Some random thoughts from our experience with HP, Juniper, Cisco:
- 99% of our infrastructure has redundancy built in (multiple servers
in a cluster, multiple switches in an A/B HA set up, etc.)
- For servers where the redundancy exists but is "suboptimal" (for
instance, we've got multiple DNS servers, but dealing with a dead DNS server
can be annoying on so many levels), we do 24x7x4, and try to keep some
"commonly failed" spare parts on-hand to swap ourselves while we wait for HP to
deliver the replacement part (hard drives are a good example).

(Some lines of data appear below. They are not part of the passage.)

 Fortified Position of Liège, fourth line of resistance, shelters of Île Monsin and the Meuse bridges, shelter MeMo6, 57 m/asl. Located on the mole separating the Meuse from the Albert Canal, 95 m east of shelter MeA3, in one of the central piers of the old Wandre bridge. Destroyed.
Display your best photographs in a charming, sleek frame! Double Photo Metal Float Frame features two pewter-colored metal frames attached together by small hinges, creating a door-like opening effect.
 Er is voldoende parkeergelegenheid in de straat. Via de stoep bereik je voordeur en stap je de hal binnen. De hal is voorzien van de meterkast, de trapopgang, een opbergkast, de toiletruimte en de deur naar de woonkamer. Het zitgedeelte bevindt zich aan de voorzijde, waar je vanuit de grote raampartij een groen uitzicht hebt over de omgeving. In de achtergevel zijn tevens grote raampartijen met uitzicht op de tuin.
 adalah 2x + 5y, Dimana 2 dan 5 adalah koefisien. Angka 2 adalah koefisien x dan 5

- For most other servers, we will do either 13x5x4 or NBD, depending on
what's more cost-effective and available (for a while, you couldn't get a
3-year NBD contract at purchase time, but since we switched to 4-year
contracts, we can).
- For people who mentioned the "4 hours to show up, not to fix" issue,
two things.
1.) Know what you're getting. There's someone here, not me but
I can't remember who it was, who can tell the story of the $VENDOR support
contract that guaranteed an employee would be on-site within 4 hours, and at
3h55m this guy who could only be described as "Farmer Ted" shows up in
coveralls and muddy shoes simply to look at the machine and say "Yep, lemme
escalate this". "Farmer Ted", an employee of $VENDOR, was on-contract simply
to meet the commitment and nothing more. When he'd get a call, he'd come in out
of the fields he was working (no joke) and head off to $VENDOR's client's site.
2.) HP, at least, also offers "CTR" service (Call-to-Repair).

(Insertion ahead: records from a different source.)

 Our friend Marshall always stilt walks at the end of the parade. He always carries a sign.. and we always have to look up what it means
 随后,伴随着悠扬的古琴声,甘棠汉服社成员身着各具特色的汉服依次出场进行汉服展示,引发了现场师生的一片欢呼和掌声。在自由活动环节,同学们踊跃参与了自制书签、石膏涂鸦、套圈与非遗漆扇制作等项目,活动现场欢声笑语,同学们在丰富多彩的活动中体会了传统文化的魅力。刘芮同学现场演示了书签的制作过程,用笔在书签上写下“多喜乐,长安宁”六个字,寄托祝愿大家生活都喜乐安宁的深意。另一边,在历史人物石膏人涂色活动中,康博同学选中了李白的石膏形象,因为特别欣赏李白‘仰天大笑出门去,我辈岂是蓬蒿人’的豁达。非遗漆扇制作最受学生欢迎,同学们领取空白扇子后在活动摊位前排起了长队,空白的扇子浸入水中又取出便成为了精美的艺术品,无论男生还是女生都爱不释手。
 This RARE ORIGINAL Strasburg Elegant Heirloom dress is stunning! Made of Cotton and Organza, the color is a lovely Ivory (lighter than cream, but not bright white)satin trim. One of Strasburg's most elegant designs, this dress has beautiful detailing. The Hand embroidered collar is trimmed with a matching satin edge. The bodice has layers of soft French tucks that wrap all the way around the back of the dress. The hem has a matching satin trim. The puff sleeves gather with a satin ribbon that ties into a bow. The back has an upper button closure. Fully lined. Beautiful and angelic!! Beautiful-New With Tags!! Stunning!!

This is sold in, I believe, 4- and 6-hour commitments. It's more expensive, but
basically it's their commitment to have your problem FIXED within that
time-period. This means that they end up pre-staging cold hardware at a depot
somewhat close to you so that if you suffer even a total failure, you're back
up and running in XX hours.
- For our network gear, where the failure rate is fairly low, the
hardware cost is moderate, and the support-contract costs are high, we tend to
go with "bare minimum" support levels needed to make sure we can get
code-upgrades and cross-ship dead hardware, and keep cold-spares of the
hardware on-site. If we suffer a switch failure (it's happened), we just swap
out old-for-new and drop the old switch's config on the new one (they're backed
up every 30 minutes automatically in our environment). We've got a dozen-odd
switches per data-center, and the support-contract costs alone for all of them
could pay for a brand-new switch, so it was more cost-effective to do it this
way, especially once you get into Year Two.